- _Saved data entries_:
Segment Open

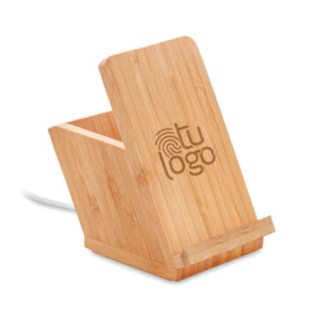 Porta bolígrafos hecho con bambú, que contiene cargador inalámbrico de doble bobina para 1 dispositivo móvil, además de soporte para el mismo. Salida: DC5V/1A (5W). Artículo compatible con los últimos modelos Android, iPhone® 8, X y más recientes.
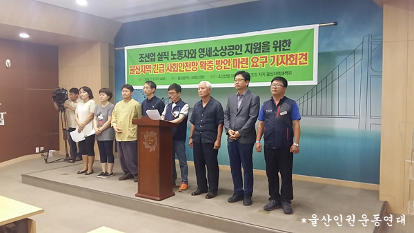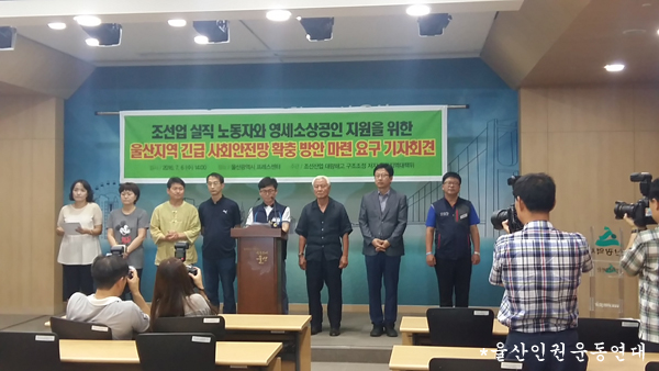 내용 : 울산인권운동연대가 참가하는 조선산업 대량해고,구조조정 저지 울산지역 대책위에서는 시청 프레스센터에서 조선업 실직 노동자와 영세소상공인 지원 울산지역 긴급 사회안정망 확충 방안 마련을 요구하는 기자회견을 열었습니다. 울산의 중요 산업인 조선산업의 구조조정과 대량해고의 문제가 지역사회를 강타하고 있습니다. 정부와 지방자지단체에서는 이런 어려움을 해결할 제도나 방법을 내놓고 있지 않습니다. 이에 조선산업 대량해고,구조조정 저지 울산지역 대책위에서는 실직노동자와 영세소상인 지원 정책 몇가지 방안을 제안하고 요구하기 위해서 기자회견을 개최하였습니다.
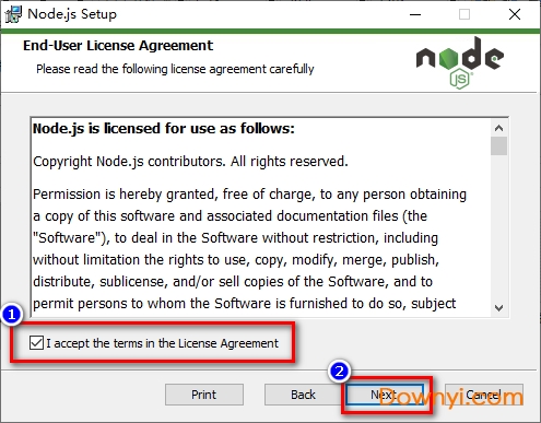 3、勾选①,同意条款之后点击“next”
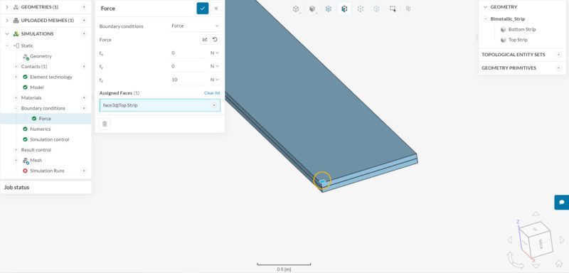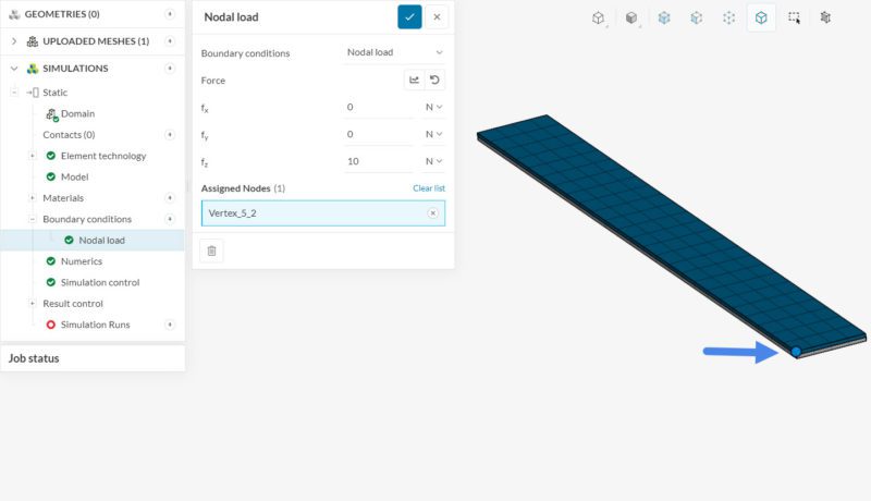 With the nodal load boundary condition, a vectorial force is applied on all nodes of a geometrical entity (nodes, edges, or surfaces). Currently, the following analysis types support nodal loads:
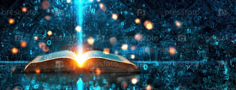Открытая книга с ярким светом, исходящим из ее страниц, в окружении футуристической цифровой атмосферы, представляющей силу знаний
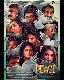 Peace is a 2022 Indian Malayalam-language black comedy film directed by Sanfeer K.[1] The film stars Joju George, Asha Sharath, Mamukkoya and Remya Nambeesan in important roles. “The film tracks the chain of unprecedented events following an hyperlink narrative,” said the director.[1] The Malayalam language version was released on 26 August, while Tamil, Telugu, Kannada and Hindi language versions are awaiting its release.[2][3]
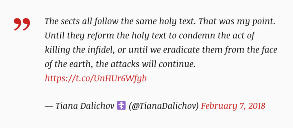 Volitich's podcast, however, is not the only outlet she uses to spread her racially charged, alt-right philosophies. Her Twitter account, @TianaDalichov, has since been suspended, for the second time. "Dayanna Volitich suggests Muslims be eradicated from the earth, believes anti-Semitic conspiracy theories ... and teaches middle school social studies," HuffPost reported on Saturday.

Segment Closed

- _Work instructions_:
The answer must be an exact copy of the entries, with the pictures omitted.

- _Exercise response_:
 Porta bolígrafos hecho con bambú, que contiene cargador inalámbrico de doble bobina para 1 dispositivo móvil, además de soporte para el mismo. Salida: DC5V/1A (5W). Artículo compatible con los últimos modelos Android, iPhone® 8, X y más recientes.
 내용 : 울산인권운동연대가 참가하는 조선산업 대량해고,구조조정 저지 울산지역 대책위에서는 시청 프레스센터에서 조선업 실직 노동자와 영세소상공인 지원 울산지역 긴급 사회안정망 확충 방안 마련을 요구하는 기자회견을 열었습니다. 울산의 중요 산업인 조선산업의 구조조정과 대량해고의 문제가 지역사회를 강타하고 있습니다. 정부와 지방자지단체에서는 이런 어려움을 해결할 제도나 방법을 내놓고 있지 않습니다. 이에 조선산업 대량해고,구조조정 저지 울산지역 대책위에서는 실직노동자와 영세소상인 지원 정책 몇가지 방안을 제안하고 요구하기 위해서 기자회견을 개최하였습니다.
 3、勾选①,同意条款之后点击“next”
 With the nodal load boundary condition, a vectorial force is applied on all nodes of a geometrical entity (nodes, edges, or surfaces). Currently, the following analysis types support nodal loads:
Открытая книга с ярким светом, исходящим из ее страниц, в окружении футуристической цифровой атмосферы, представляющей силу знаний
 Peace is a 2022 Indian Malayalam-language black comedy film directed by Sanfeer K.[1] The film stars Joju George, Asha Sharath, Mamukkoya and Remya Nambeesan in important roles. “The film tracks the chain of unprecedented events following an hyperlink narrative,” said the director.[1] The Malayalam language version was released on 26 August, while Tamil, Telugu, Kannada and Hindi language versions are awaiting its release.[2][3]
 Volitich's podcast, however, is not the only outlet she uses to spread her racially charged, alt-right philosophies. Her Twitter account, @TianaDalichov, has since been suspended, for the second time. "Dayanna Volitich suggests Muslims be eradicated from the earth, believes anti-Semitic conspiracy theories ... and teaches middle school social studies," HuffPost reported on Saturday.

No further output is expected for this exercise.